Ten years is a long time.

That's the amount of time that passes before this whole tax cut fully takes effect. Just think about that. Ten years.

Ten years ago George Bush "Senior" was president. Ten years ago most of us didn't know who Bill Clinton was. Ten years ago those Swissair victims were alive. As were the EgyptAir and Concorde victims. As were the victims in Bosnia and Somalia.

Ten years ago, there was no Internet bubble. In fact, there wasn’t much of an Internet. The Dow was worth about a fourth what it is now. The Nasdaq was worth about a fifth of what it is now. Ten years ago there were no reality shows. There were no Star Wars prequels and no Austin Powers flicks.
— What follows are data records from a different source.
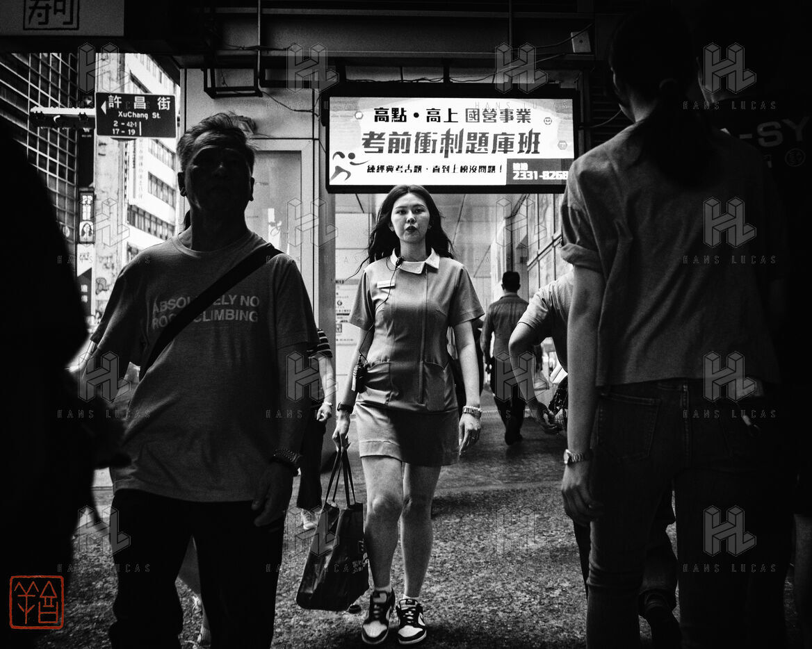 Sous les préaux des rues Guanqian, dans le quartier de Zhongshan, les piétons cherchent un peu d’ombre, les yeux fuyant les publicités criardes qui tapissent les murs, leurs pas absorbés par le cliquetis du monde autour d’eux.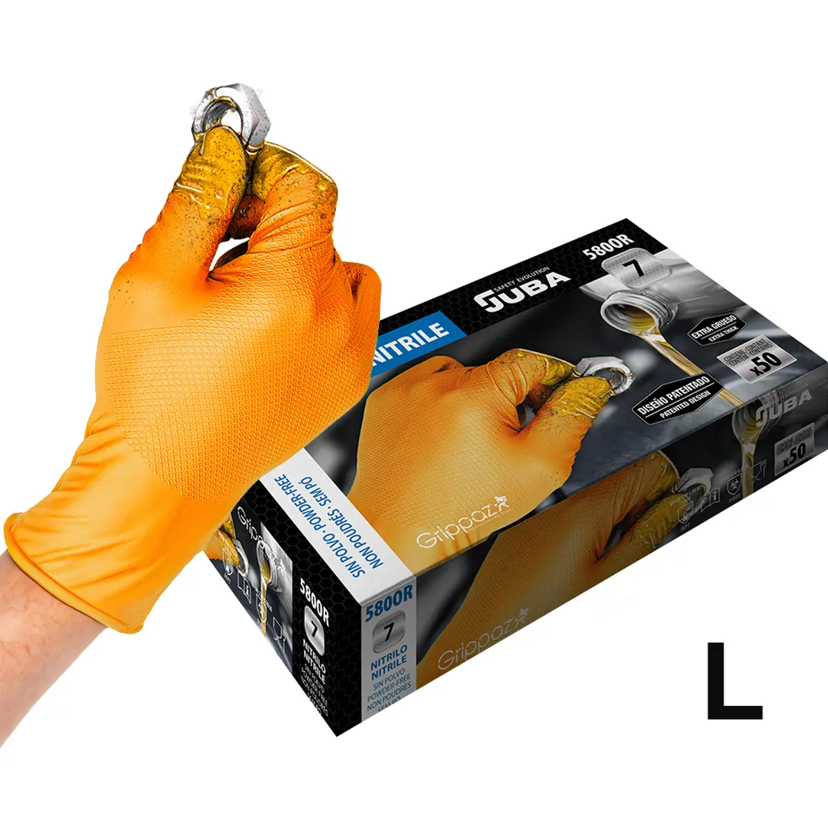 Juba 580OR Gripaz - Luvas de Nitrilo descartáveis sem pó alta-resistência [50und.] - Laranja - Size L (9)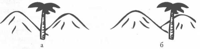 Рис. 8.2. Два холма с деревом посередине: а) мозгу не нравятся уникальные точки зрения; б) мозг предпочитает более типичные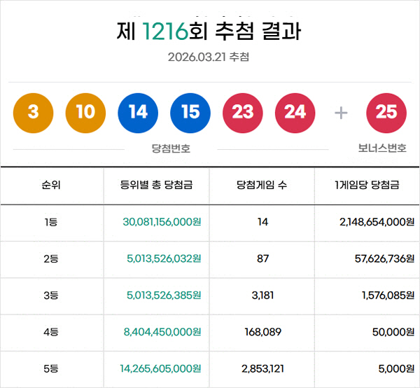 Á¦1216ȸ ·Î¶Çº¹±Ç Ãß÷¿¡¼­ ¡®3, 10, 14, 15, 23, 24¡¯°¡ 1µî ¹øÈ£·Î »ÌÇû´Ù. 2µî º¸³Ê½º ¹øÈ£´Â ¡®25¡¯´Ù.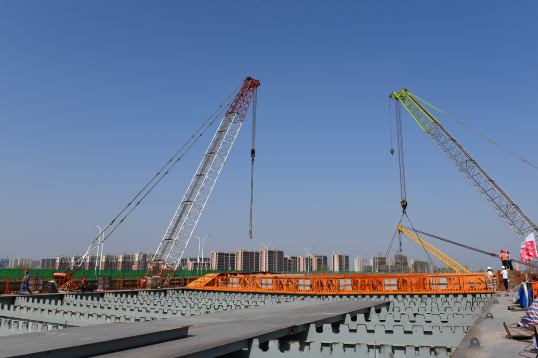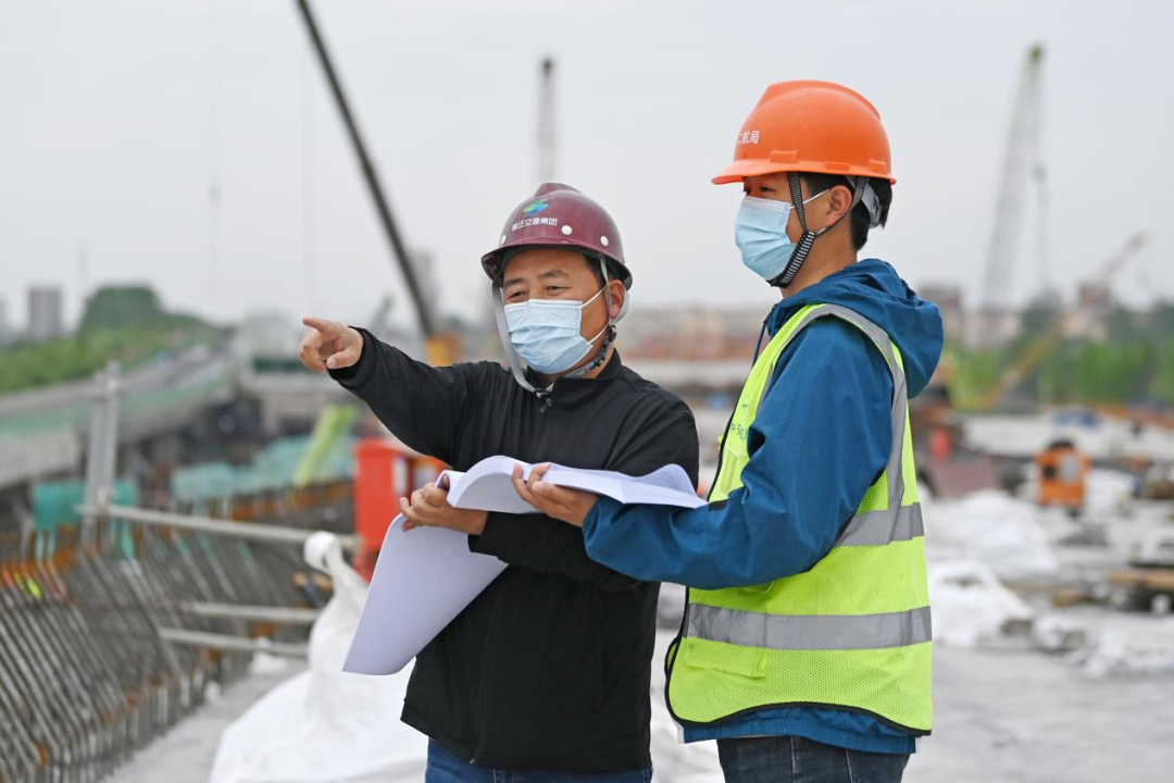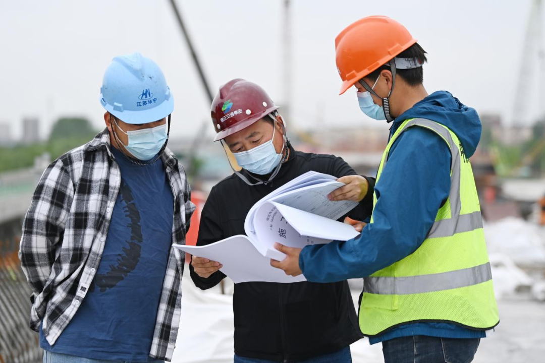 機器轟鳴、鋼架林立、塔吊聳立,5月1日,在北京路快速化改造工程跨京杭運河特大橋施工現(xiàn)場,建設工人戴著口罩不停穿梭于道路開挖、管道鋪設、橋梁架構等各個作業(yè)面,北京路快速化改造工程項目管理組組長朱寶廣與技術員認真核對圖紙,反復商討下一階段施工方案。

There were no surpluses. Only deficits as far as the eye could see. And ten years ago, taxes were lower. Less than two years later, the top rate would suddenly be nearly five points higher.

My point? Over time a lot of things change. Some times, in record time.

That's why I worry about this ten-year tax plan of President Bush's. Because so much of it takes effect later, rather than sooner.

I'd like to say I trust Washington to keep to its vote and its word, that these tax cuts will come. But I have my doubts and I have my ears. I hear what Tom Daschle is saying, that down the road it might be appropriate to revisit this whole tax cut issue. And I have my eyes. I read what former Congressional Budget Office head Robert Reischauer writes about nixing some of the tax cuts before they take effect, so it doesn't look like a tax hike getting rid of them after they take effect.

And I have my gut. Which tells me left to its own devices, many in Congress would rather spend more than give back.